Though Micron is getting a boost from the AI computing boom, demand is still sluggish in its traditional markets, such as personal computers and smartphones. Those areas are only beginning to recover from a historic slump last year.

The shares fell about 8% in extended trading. Micron had rallied 67% this year before the close, lifted by investor expectations that it will be one of the main beneficiaries of AI spending.

In the third quarter, which ended May 30, Micron’s revenue rose 82% to $6.81 billion. The Boise, Idaho-based company reported a profit of 62 cents a share, excluding certain items. That compares with estimated sales of $6.67 billion and a projected profit of 50 cents a share.

In a slide presentation, the company said that PC unit volumes remain on track to increase by a percentage in the low single digits in calendar 2024. Smartphone units will gain by a low- to mid-single-digit range. The company expects AI features to help spur demand for phones and PCs heading into 2025.

Chief Executive Officer Sanjay Mehrotra has promised that 2024 will mark a rebound for the industry, and that 2025 will see record sales levels. AI will drive demand for expensive chips that are more difficult to make and use an outsized portion of production resources. That should reduce the risk of future inventory gluts — a longtime bane of the memory industry.

Micron sells a vital component of AI hardware — high-bandwidth memory — giving it a boost from the surge in AI spending. The company’s parts work with processors from Nvidia Corp., which has become the world’s most valuable chipmaker thanks to insatiable demand for its products. The memory can serve up information more quickly, helping computing systems develop and run AI models.

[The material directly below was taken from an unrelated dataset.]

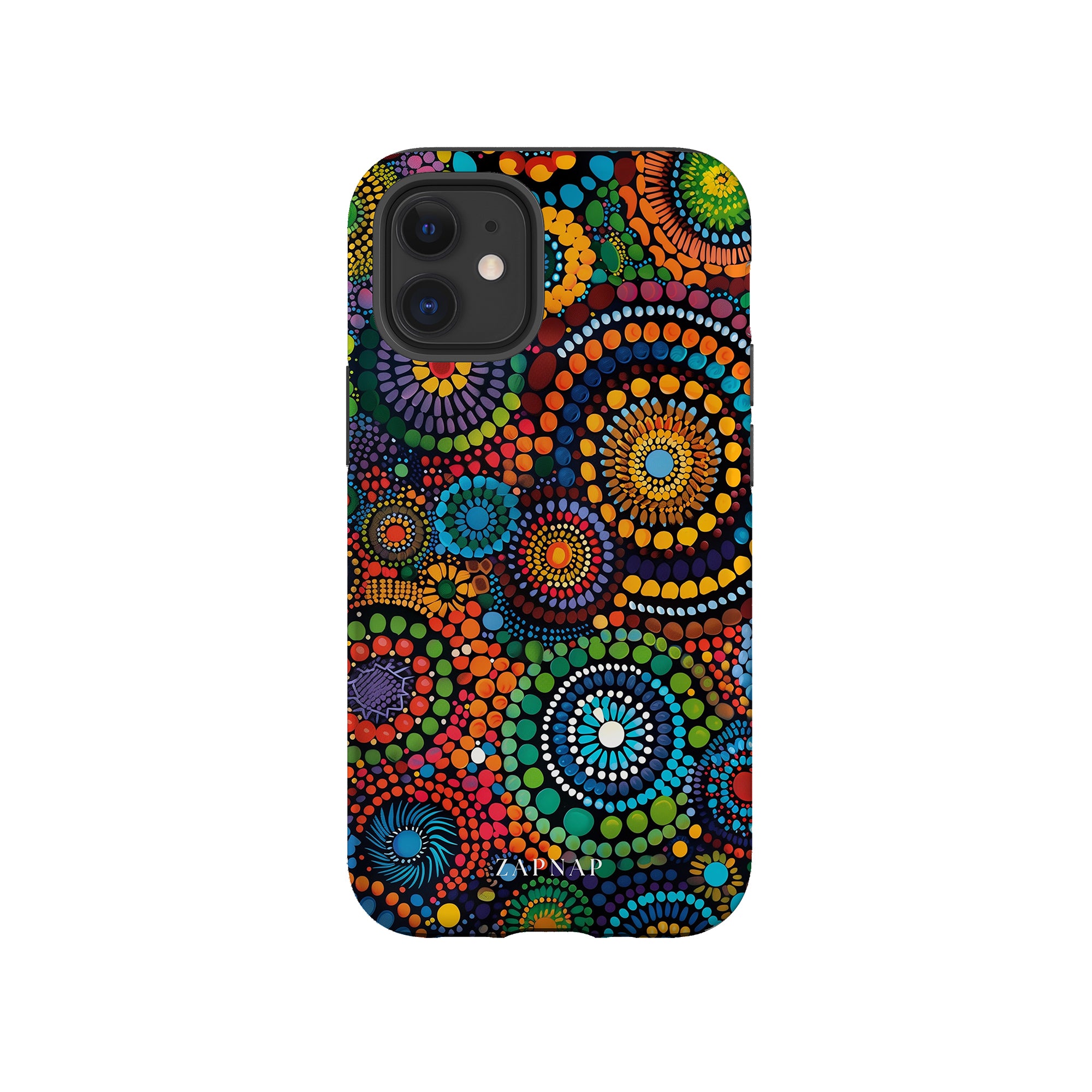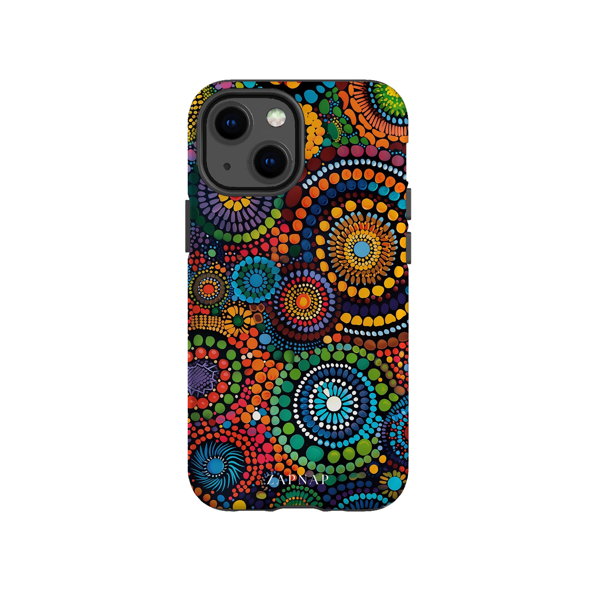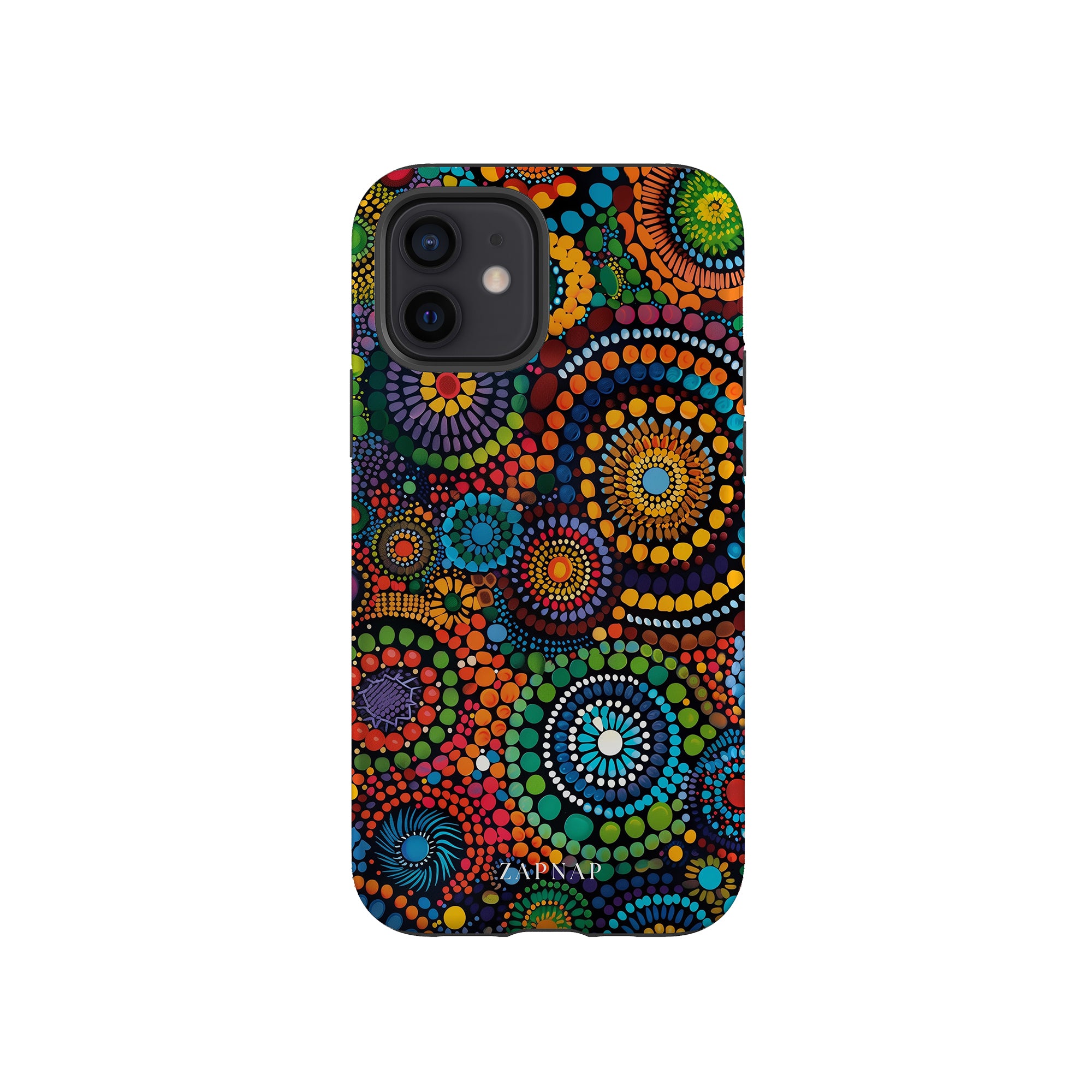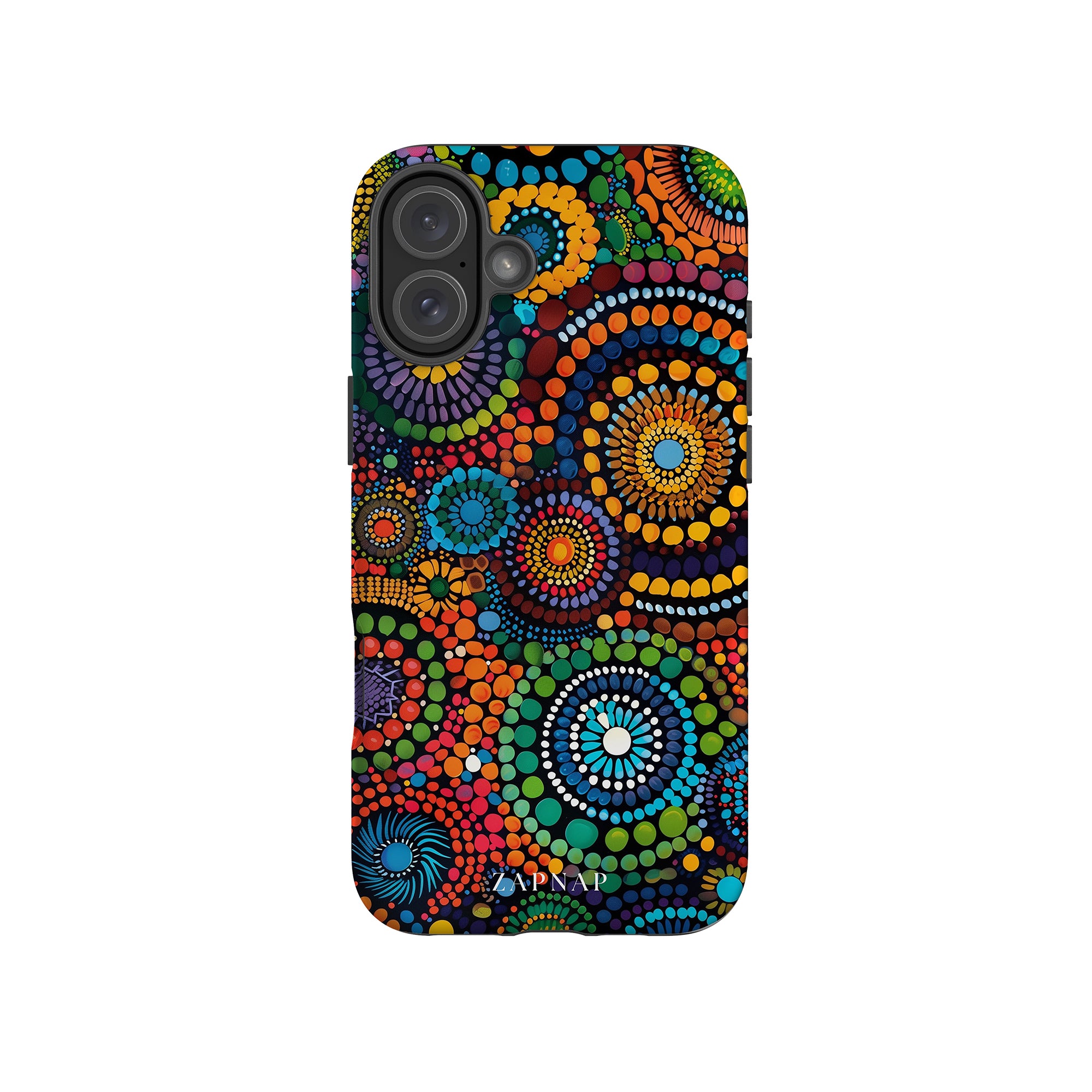 This vibrant artwork captures the energy and warmth of the sun, depicted through intricate circular patterns that radiate in a dazzling array of colours. The composition evokes the powerful connection between light, life, and the land, celebrating the essence of renewal and vitality in nature.

AI models are created by bombarding software with information. The process can involve trillions of parameters and is highly reliant on memory semiconductors. In order to avoid bottlenecks and keep expensive processors working flat out, Micron and its competitors have developed chips that communicate with other components much faster than traditional memory.

Micron competes with South Korea’s Samsung Electronics Co. and SK Hynix Inc. in selling chips that provide short-term memory in computers and phones. They also makes flash memory, which handles longer-term storage in those devices.